(Stored dataset items)
▼▼▼

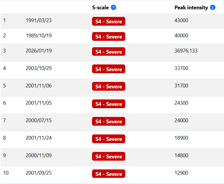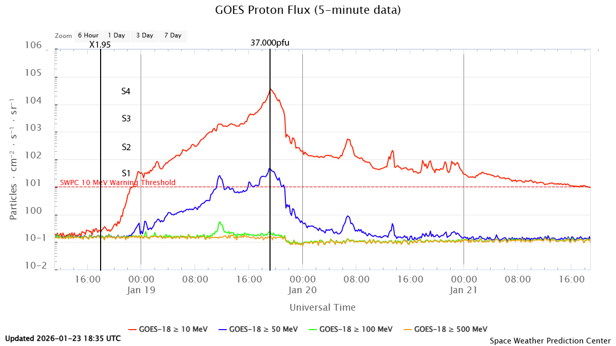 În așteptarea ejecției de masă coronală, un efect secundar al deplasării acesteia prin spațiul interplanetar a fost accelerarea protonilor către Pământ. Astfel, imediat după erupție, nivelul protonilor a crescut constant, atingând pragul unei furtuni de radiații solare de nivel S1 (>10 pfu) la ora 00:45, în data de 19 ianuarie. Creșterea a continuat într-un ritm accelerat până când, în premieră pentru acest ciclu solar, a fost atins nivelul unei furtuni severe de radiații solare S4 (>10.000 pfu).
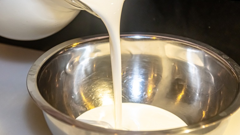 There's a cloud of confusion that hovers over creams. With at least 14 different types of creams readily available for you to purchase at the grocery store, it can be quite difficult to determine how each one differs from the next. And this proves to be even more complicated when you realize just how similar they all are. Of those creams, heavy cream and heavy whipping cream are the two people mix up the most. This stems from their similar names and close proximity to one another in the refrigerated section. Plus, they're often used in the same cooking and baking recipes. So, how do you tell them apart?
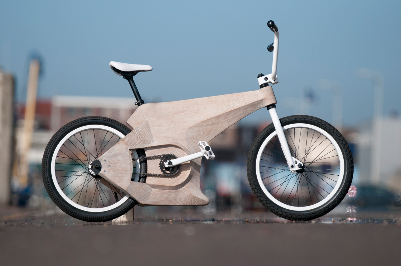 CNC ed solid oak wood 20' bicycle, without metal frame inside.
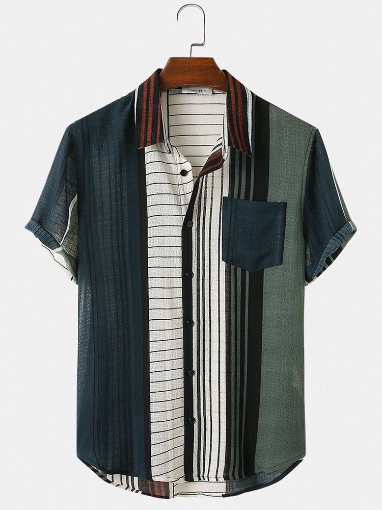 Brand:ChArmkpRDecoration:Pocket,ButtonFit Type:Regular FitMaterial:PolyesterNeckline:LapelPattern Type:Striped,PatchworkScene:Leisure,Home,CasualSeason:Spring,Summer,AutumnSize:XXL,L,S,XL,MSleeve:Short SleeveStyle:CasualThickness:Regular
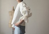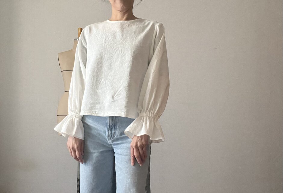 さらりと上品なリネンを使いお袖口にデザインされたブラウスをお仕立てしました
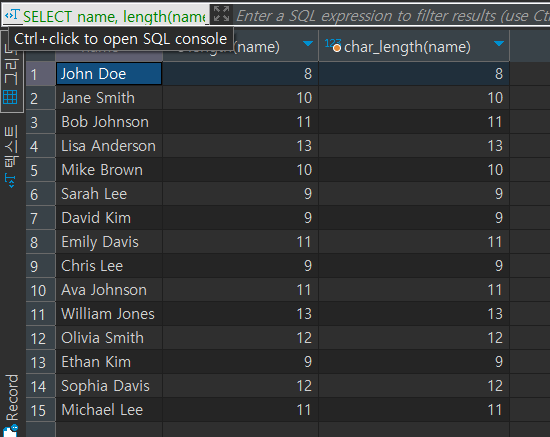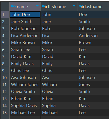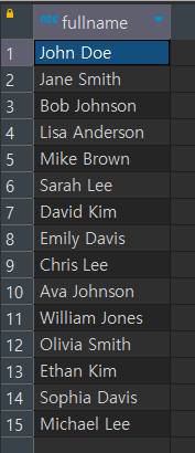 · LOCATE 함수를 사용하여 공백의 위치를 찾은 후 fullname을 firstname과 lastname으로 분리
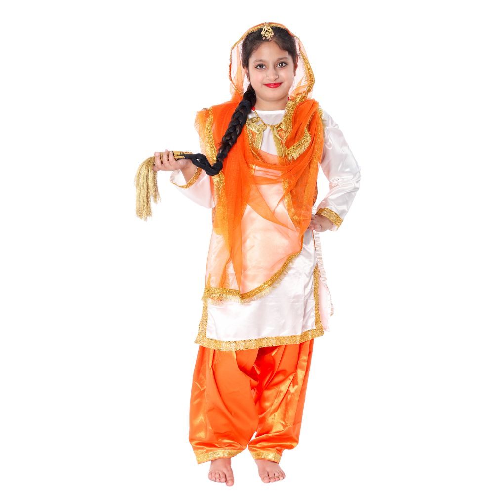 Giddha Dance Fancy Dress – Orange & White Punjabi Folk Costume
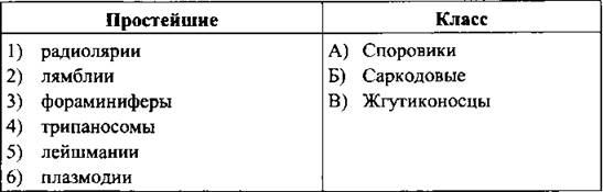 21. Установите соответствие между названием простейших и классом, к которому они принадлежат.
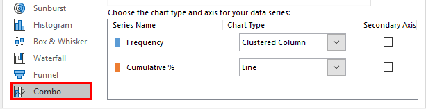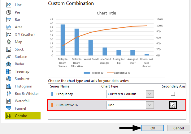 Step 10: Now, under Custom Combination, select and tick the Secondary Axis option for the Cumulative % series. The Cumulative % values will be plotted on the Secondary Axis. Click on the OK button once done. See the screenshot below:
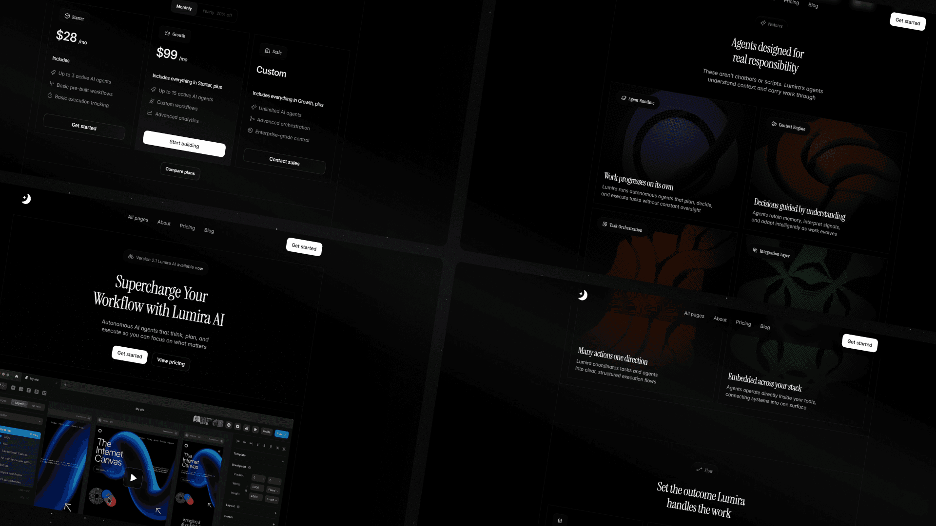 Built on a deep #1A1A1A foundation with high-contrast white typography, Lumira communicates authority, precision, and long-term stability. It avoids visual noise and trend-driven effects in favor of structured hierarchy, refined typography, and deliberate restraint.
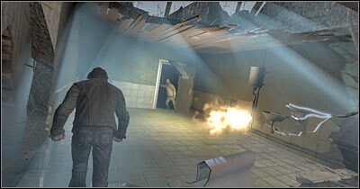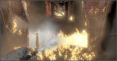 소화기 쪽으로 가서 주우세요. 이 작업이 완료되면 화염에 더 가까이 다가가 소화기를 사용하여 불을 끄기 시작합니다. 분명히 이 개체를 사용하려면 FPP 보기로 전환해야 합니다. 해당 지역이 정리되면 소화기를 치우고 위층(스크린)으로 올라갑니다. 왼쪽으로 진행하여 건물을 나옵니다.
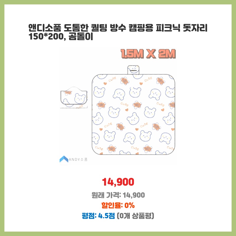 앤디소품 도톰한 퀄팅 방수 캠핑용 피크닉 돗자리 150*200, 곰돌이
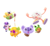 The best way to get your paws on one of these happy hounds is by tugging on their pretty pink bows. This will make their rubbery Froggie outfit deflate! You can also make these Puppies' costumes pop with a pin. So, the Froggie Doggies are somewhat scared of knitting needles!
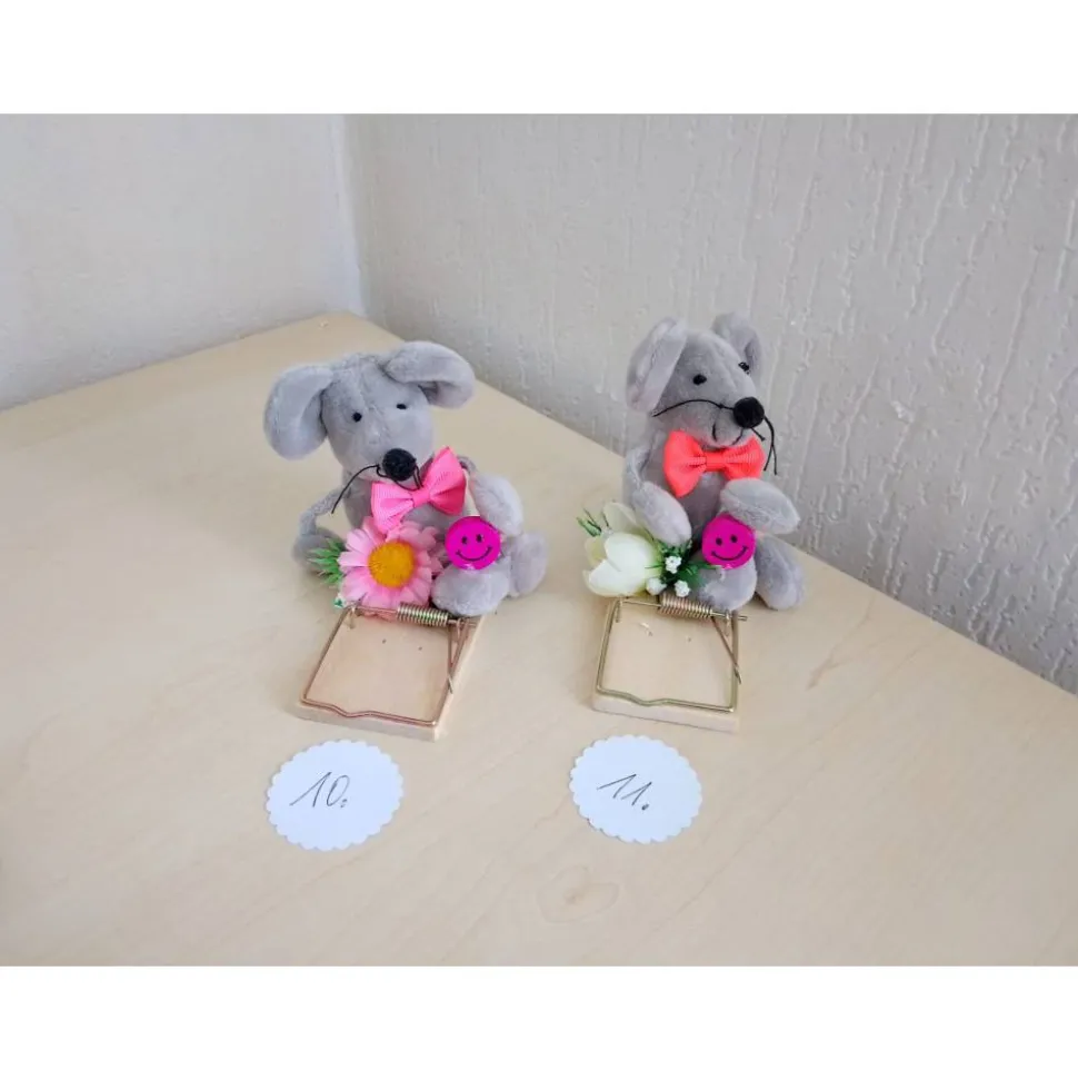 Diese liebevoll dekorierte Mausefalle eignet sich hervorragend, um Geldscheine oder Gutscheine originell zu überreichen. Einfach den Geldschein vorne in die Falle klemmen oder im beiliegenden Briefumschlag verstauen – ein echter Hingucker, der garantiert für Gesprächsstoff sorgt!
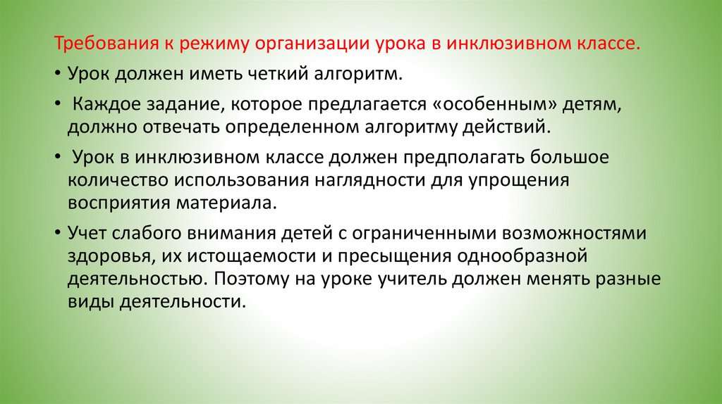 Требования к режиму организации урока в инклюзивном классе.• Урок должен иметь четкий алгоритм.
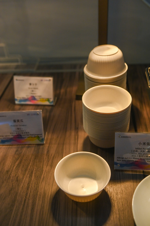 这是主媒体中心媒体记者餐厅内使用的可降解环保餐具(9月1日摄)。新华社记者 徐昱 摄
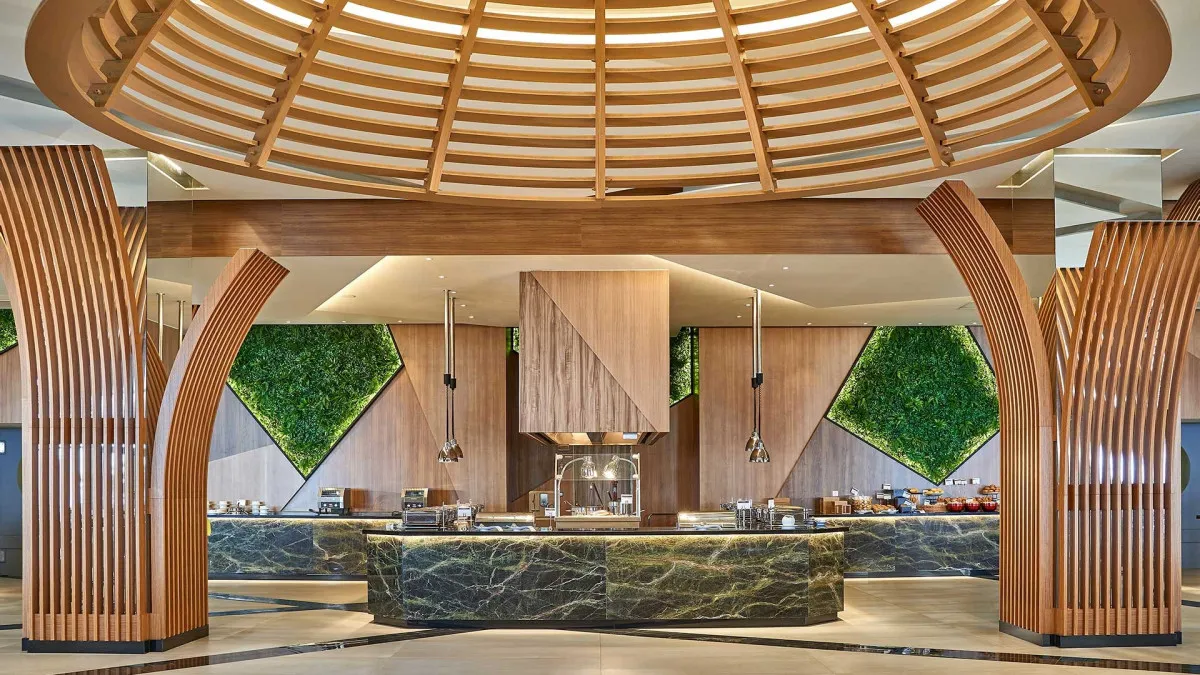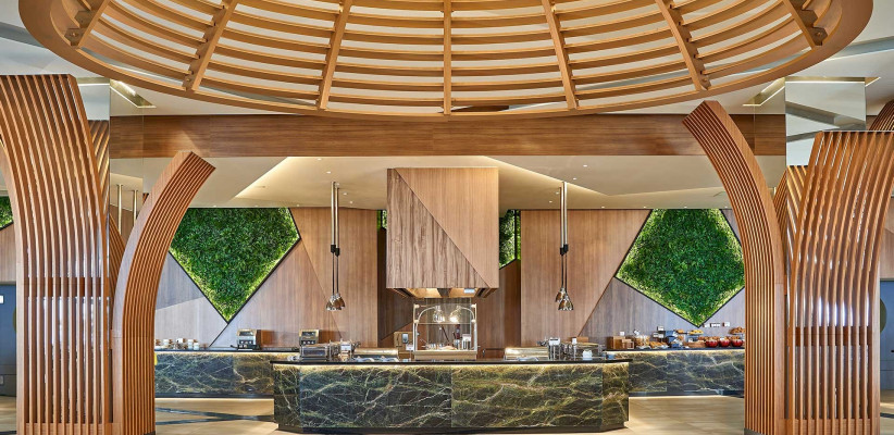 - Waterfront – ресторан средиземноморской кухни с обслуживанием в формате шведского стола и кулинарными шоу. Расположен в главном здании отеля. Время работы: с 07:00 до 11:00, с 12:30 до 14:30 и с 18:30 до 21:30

▲▲▲

● **Work required**:
Using the entries above, reproduce word for word only the lines from the one that contains "21. Установите соответствие" to the one that contains "Diese liebevoll dekorierte", both ends included, and drop every picture.

● **Answer box**:
 21. Установите соответствие между названием простейших и классом, к которому они принадлежат.
 Step 10: Now, under Custom Combination, select and tick the Secondary Axis option for the Cumulative % series. The Cumulative % values will be plotted on the Secondary Axis. Click on the OK button once done. See the screenshot below:
 Built on a deep #1A1A1A foundation with high-contrast white typography, Lumira communicates authority, precision, and long-term stability. It avoids visual noise and trend-driven effects in favor of structured hierarchy, refined typography, and deliberate restraint.
 소화기 쪽으로 가서 주우세요. 이 작업이 완료되면 화염에 더 가까이 다가가 소화기를 사용하여 불을 끄기 시작합니다. 분명히 이 개체를 사용하려면 FPP 보기로 전환해야 합니다. 해당 지역이 정리되면 소화기를 치우고 위층(스크린)으로 올라갑니다. 왼쪽으로 진행하여 건물을 나옵니다.
 앤디소품 도톰한 퀄팅 방수 캠핑용 피크닉 돗자리 150*200, 곰돌이
 The best way to get your paws on one of these happy hounds is by tugging on their pretty pink bows. This will make their rubbery Froggie outfit deflate! You can also make these Puppies' costumes pop with a pin. So, the Froggie Doggies are somewhat scared of knitting needles!
 Diese liebevoll dekorierte Mausefalle eignet sich hervorragend, um Geldscheine oder Gutscheine originell zu überreichen. Einfach den Geldschein vorne in die Falle klemmen oder im beiliegenden Briefumschlag verstauen – ein echter Hingucker, der garantiert für Gesprächsstoff sorgt!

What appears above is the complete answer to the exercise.